3 Aydır dünyamın güneşinin sessizce battığını hissediyordum. Yanımdan bir arı sürüsü gibi hızlıca geçen kişilere anlamsızca baktım, hepsi kendi derdindeydi bir kaçı bana bakıyor sonra gözlerini hemen kaçırıyor ve hızlıca yürümeye devam ediyordu.

İşte bu kadar değerliydik biz. Bakar, değerlendirir ve eğer kafamızın içindeki ölçeğe uymazsa başımızı çevirip giderdik. bulunduğum ortamda tek bir insan bile somurtmuyordu hatta aksine karşımdan gülüşerek geçen sevgilileri ve aileleri görünce içimde onlara küfür etme isteğinin sesini görmezden gelmem gerekiyordu. Ve işte bu kadar bencildim, sadece diğerleri mutlu olduğu için onlardan nefret edecek kadar ama en fazla bu kadar insan olmayı başarıyordum.

Onlardan gözlerimi çekip daha az kalabalık olan ara sokağa girdim. Hava içinde bulunduğum ruh halini anlar gibi bozarmıştı. hafiften ellerime düşen damlalar hızlanmaya başlayarak daha güçlü yağacaklarını ima ederek artmaya devam ediyordu.

Aceleyle adımlarımı hızlandırdım eve giderken aklıma gelen düşünceler de göz yaşlarımı tetikliyordu ve bu yüzden gözlerimin önünü bile göremiyordum. Kafamın içindeki anılar beni deliye çeviriyordu. Ne zaman gözlerimi kapatsam tekrar zihnimde canlanıyordu. Sinirle başımı salladım ve tam o sırada bir gence çarptım. "Kusura bakmayın." Bana anlamsızca baktığını hissetsem de adımlarımı daha da hızlandırarak az ileride olan apartmanımıza girdim. Büyükannem daha ben kapıyı çalmadan kapıyı açtı.
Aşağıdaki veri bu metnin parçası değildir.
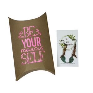 Carefully packaged and shipped to you on a card and in a pillow box. Ready to gift or keep for yourself!

"Yavrum bu havada ne diye dışarı çıkarsın ki? hadi geç içeri!"

Cevap vermeden ayakkabılarımı çıkardım, sessizce içeri girdim ve koltuklardan birine oturdum. bir süre sonra büyükannem elinde bir havlu ile içeri girdi.

"yine gözlerin kıpkırmızı bu haftaki bahaneniz nedir küçük hanım?" bana samimi davranmaya çalışan tavrı bile huzursuz ediciydi.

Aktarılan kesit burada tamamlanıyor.